KW21
Letztes Wochenende sportlich quasi übertrieben, alle Läufe und Radtouren auf das Wochenende. Also viel Erholung (und Stress) die Woche, und das bewährte Dummzeug nochmal wiederholen. Immerhin haben wir ein langes Wochenende für den Unsinn.
Fr/Sa/So gelaufen, insg. 34km, und geradelt.
Eigentlich wollte ich beim Parkrun einen Tempolauf machen.

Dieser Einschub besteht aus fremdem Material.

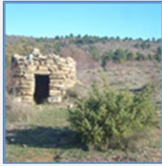
Vernet-les-Bains Corneilla - Villefranche 5 hours; climb: 750m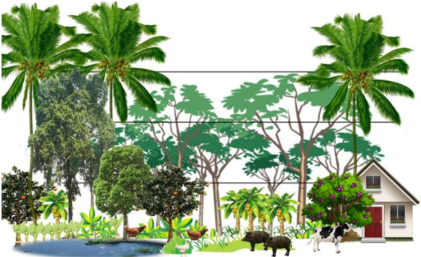
Fig.1 Tropical Homegardens: Multistrata composition of various components (Coconut, Mahogany, Papaya, Banana with intercropping of medicinal plants) with animal husbandry, piggery and fisheries component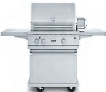
30"W. Outdoor Gas Grill*

Viking offers a complete line of outdoor products – transforming your backyard into a free range kitchen. Viking 500 Series grills elevate the art of barbecue to new heights, delivering unrivaled power and style to your backyard. A superior ceramic heat distribution system and powerful burners ensure every single filet turns out perfectly.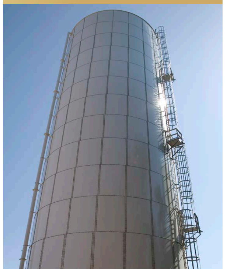
» Multiple Ladder Runs Shown on Epoxy Coated Tank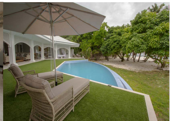
Presidential Villa Pool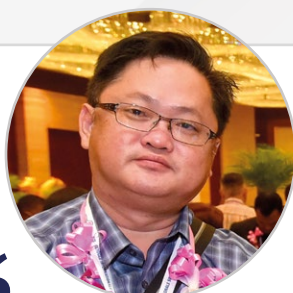
GAN CHOW SIN GNS FREIGHT SYSTEM SDN BHD MALAYSIA | www.gnsftr.com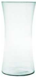
W-497 height: 290 top: 140 bottom: 140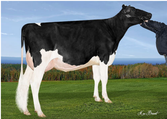
VIVEJOIE EMILI BREKEM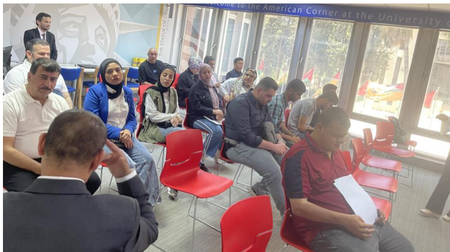
Figure 17. Committee of practice meeting with SwD -2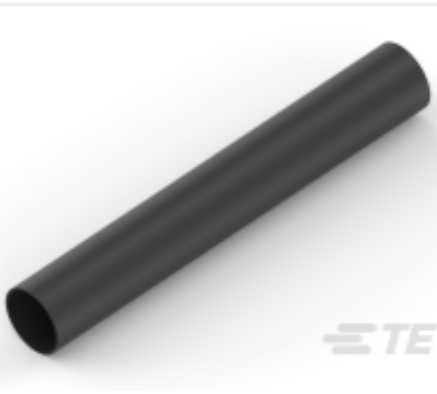
TE Part #NB11382001 ATUM-52/13-0-STK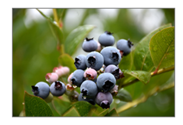
Patriot Blueberry fruit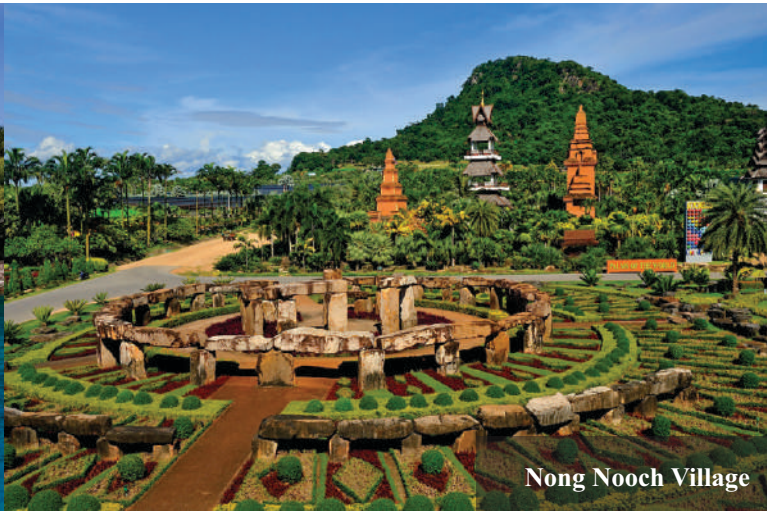
Nong Nooch Village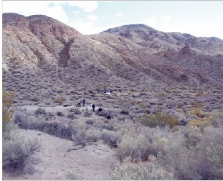
Human remains detector dogs have identified several potential clandestine graves on the arid grounds of Barker Ranch near Death Valley.

Forget it! Es ging nichts, ich schaffe wieder nur so 5er Pace! Ich habe auch den abgebrochen, weil es mich so genervt hat. Puls, Pace, Anstrengungsgefühl passen nicht zusammen. Gut, war auch der erste warme Tag seit längerem, ich bin da sehr empfindlich, und ich hatte am Vorabend eine (für meine Verhältnisse) ordentliche Radtour unternommen.

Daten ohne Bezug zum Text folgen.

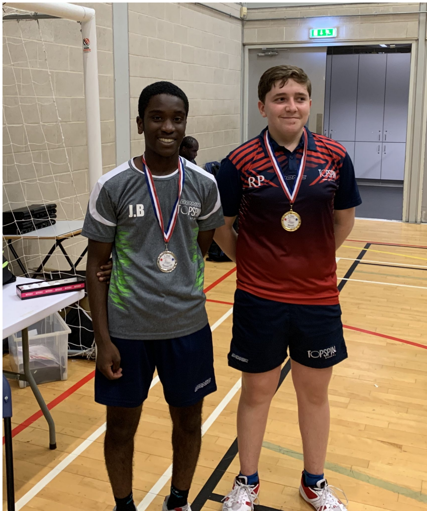
The U18 Boys medallists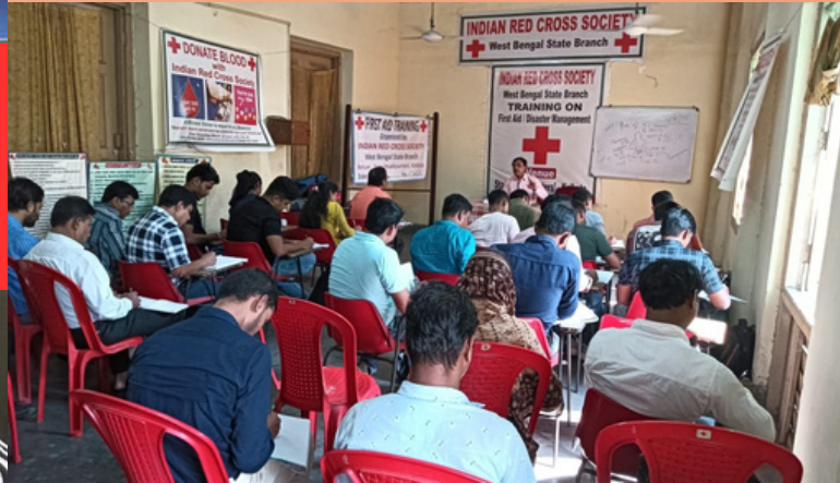
Training on first aid/disaster management, West Bengal State Branch

THE DESIRE FOR THE WELL-BEING OF ONE'S OWN NATION CAN BE- AND MUST BE-MADE COMPATIBLE WITH THE WELFARE OF ALL HUMANITY.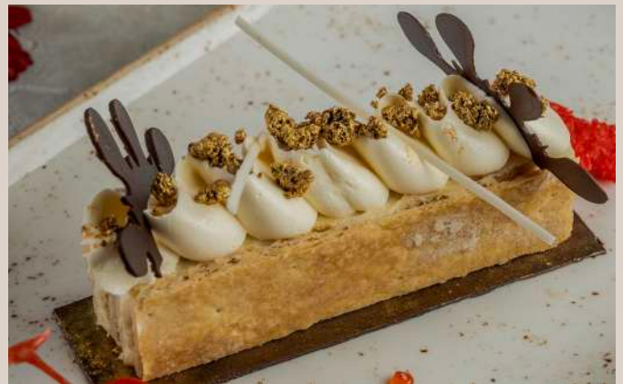
SALTED CARAMEL MILLE FEUILLE - Rs. 1,088

Royal manjari bitter mousse dark Harlem with espresso cardamom parfait.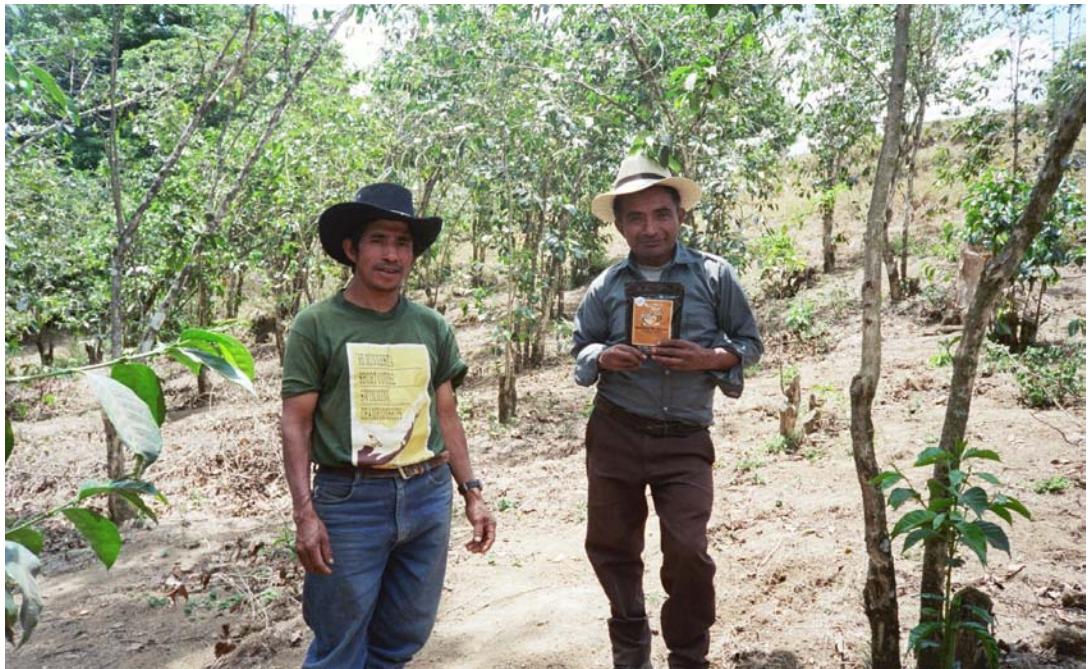
March 2004 Breaking the Silence delegation shared with CCDA coffee producers a sample of the final product.

Es ist jetzt fünf Wochen nach dem letzten nennenswerten Bewerb. Aktuell habe ich nur eine gute Zeit im Herbst als vages Ziel.

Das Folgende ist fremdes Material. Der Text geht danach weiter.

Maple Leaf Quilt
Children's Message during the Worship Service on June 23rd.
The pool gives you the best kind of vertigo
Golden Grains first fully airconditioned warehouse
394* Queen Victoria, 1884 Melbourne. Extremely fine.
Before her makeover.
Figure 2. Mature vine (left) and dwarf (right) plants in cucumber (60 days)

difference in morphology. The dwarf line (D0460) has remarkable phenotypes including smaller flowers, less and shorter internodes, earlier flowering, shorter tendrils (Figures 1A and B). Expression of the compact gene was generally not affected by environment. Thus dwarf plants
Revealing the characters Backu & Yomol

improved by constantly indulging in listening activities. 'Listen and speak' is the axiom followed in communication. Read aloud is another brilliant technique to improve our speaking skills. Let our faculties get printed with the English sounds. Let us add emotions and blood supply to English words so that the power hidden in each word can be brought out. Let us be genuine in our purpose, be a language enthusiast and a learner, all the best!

Komme zeitlich und gesundheitlich aktuell nicht ins Training, immer wieder latente Erkältungssymptome.
Fühlt sich nicht so toll an.
Wenn ich zurückblicke: konnte eine Zeit lang das ganze Jahr über konsistent 47/48er Zeiten laufen. Jetzt habe ich das zweite Jahr in Folge für Höhepunkte gepeakt. Letztes Jahr die HM PB, dieses Jahr 10k PB.
Das ist zwar schön, aber diese furchtbaren Löcher danach sind nicht nötig, finde ich. Die möchte ich nicht.
Bald stehen vergleichbare Läufe wie letztes Jahr an, bei denen mir klar wurde, dass ich wirklich nicht schneller als 5er Pace laufen KANN. Was irre ist, wenn man vor kurzem noch 30-40sec. schneller konnte. Und wenn man sonst immer locker 15sec schneller konnte, jahrein, jahraus.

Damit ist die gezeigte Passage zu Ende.